Что же касается автобиографии, то в ней, разумеется, приведены не только воспоминания и размышления о собственной судьбе. Черчилль все-таки был публичным человеком, и хотя его мировоззрение отчетливо концентрировалось на нем самом, он вряд ли упустил бы возможность высказать свою точку зрения по волнующим его вопросам. Уже в предисловии он отмечает, что, «делая обзор своей книги как единого целого», он приходит к выводу о воскрешении на страницах своего сочинения «ушедшей эпохи». «Характер общества, первоосновы политики, методы ведения войны, восприятие юности, масштаб ценностей, все это изменилось». Причем эти изменения были настолько существенны, что даже не верилось, будто они «смогли произойти в столь короткий промежуток времени без жестокой внутренней революции»[185].
Но они произошли. Теперь «спокойная, с маленькими водоворотами и небольшой рябью река», по которой плыло викторианское общество, казалось «непостижимо далекой от огромного водопада, по которому швыряет и несет вниз, и от стремнин, в бурном потоке которых приходится барахтаться сейчас»[186]. Это признавал Черчилль, это признавали его современники, это признавали и читатели. «Ничто не осталось от того мира, тех отношений и того общества, в котором вы жили, — писал автору Томас Эдвард Лоуренс (1888–1935), больше известный, как Лоуренс Аравийский. — Одна из ваших замечательных заслуг состоит в безошибочном воскрешении в памяти
Из расколовшейся мозаики воспоминаний Черчилль создает перед читателями образы минувшего времени. В первую очередь образы, связанные с викторианской политикой, к которой автор всегда относился с ностальгией. «В те дни политическая жизнь била ключом и была важнее всего на свете, — описывает он события 1893 года. — Ее направляли государственные мужи, люди командного ума и склада. По привычке и из чувства долга высшее сословие вносило свою лепту в политику, занимая разные посты. Из спортивного интереса следил за ней рабочий люд, как имевший, так и не имевший право голоса. Народ вникал в государственные дела и судил о способностях публичных деятелей, как нынче это происходит с крикетом и футболом. Газеты с готовностью потворствовали одновременно просвещенному и простонародному вкусу»[188].

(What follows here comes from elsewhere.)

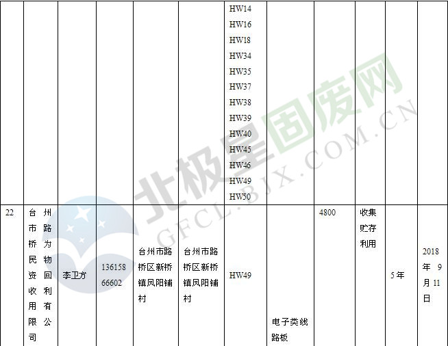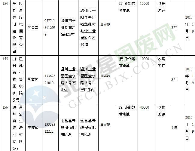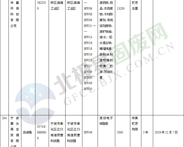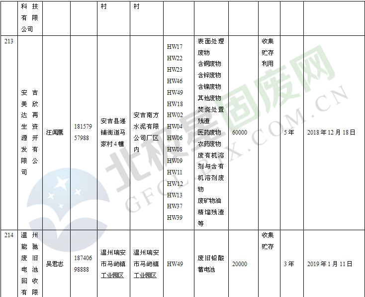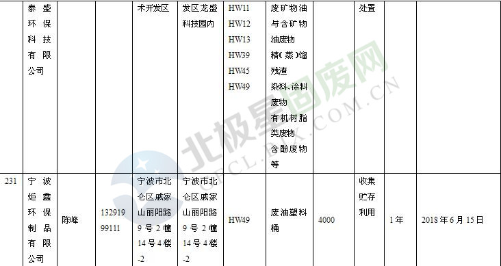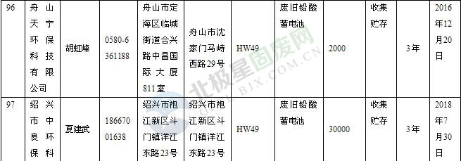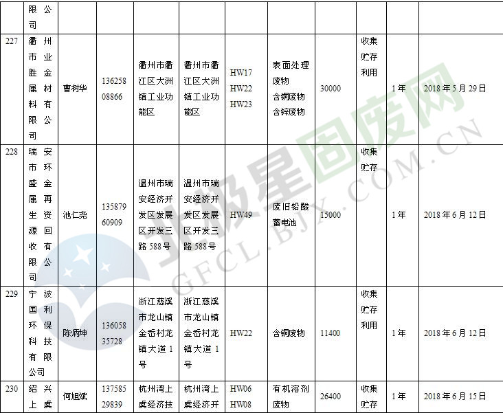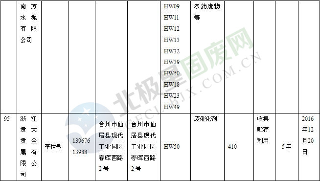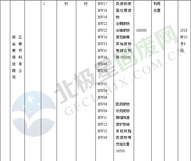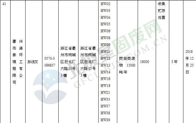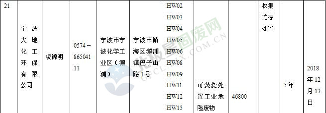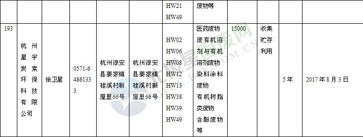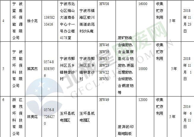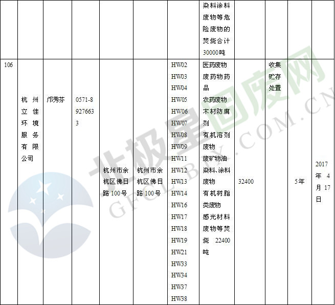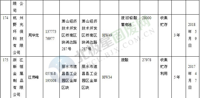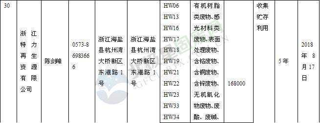 本文整理了浙江省截止至2019.1.22的危險廢物經(jīng)營單位,詳情如下:

Это было время, когда в доме своего отца он «повстречал чуть ли не всех главных персон парламентской схватки». Он принимал участие в министерских банкетах, наблюдая за членами правительства, одетыми «по форме — в голубое с золотом». На этих раутах он впервые встретился с Артуром Бальфуром, Джозефом Чемберленом, Арчибальдом Розбери, Генри Асквитом и Джоном Морли, людьми, с которыми ему впоследствии придется либо скрестить шпаги, либо объединить усилия, либо и то и другое одновременно. «Мир, в котором вращались эти люди, был поистине великим миром, где правили высокие принципы, и всякая мелочь в публичном общении имела значение: как на дуэльной площадке, когда пистолеты уже заряжены и вот-вот прольется кровь, там правила подчеркнутая учтивость и взаимное уважение»[189].
«Всякая мелочь имела значение?» — спросит удивленный читатель. Да, имела. Взять, например, такой маленький штрих к портрету эпохи, как написание писем. «Какие длинные, блестящие, страстные письма они писали друг другу, обсуждая личные и общеполитические вопросы, до которых Джаггернауту современного прогресса не было никакого дела!» — признает Черчилль в эссе о графе Розбери[190]. Эта же тема появляется и в других статьях, подготовленных в тот период. В эссе про Розбери, упоминая эпистолы экс-премьера, которых «было немало», Черчилль восхищается тем, что они «содержали в себе образцы байроновской мудрости и красоты»[191]. В эссе, посвященном Морли, он также восхищается «длинными и поучительными письмами», написанными «прекрасным почерком»[192]. О привычке излагать точку зрения в письменном виде он вспоминает и в очерке про Керзона, который однажды направил ему письмо объемом двадцать страниц. Это еще что! Супруга Керзона показала Черчиллю послание мужа. «В нем было сто страниц! — изумлялся он. — Все страницы были написаны изящной, читаемой рукой. Но сто страниц!»[193].
В отличие от Черчилля, старшее поколение политиков не доверяло стенографистам и печатным машинкам. Это касалось даже Асквита, премьер-министра начала XX века, возглавлявшего правительство, когда Великобритания вступила в Первую мировую войну. По словам Черчилля, Асквит «писал сразу начисто, красивым, разборчивым почерком, грамотно и ясно». Если в его корреспонденции появлялись «спорные места, едкие замечания или юмор», то это происходило в основном потому, что «они слетали с пера до того, как он смог сдержать себя»[194].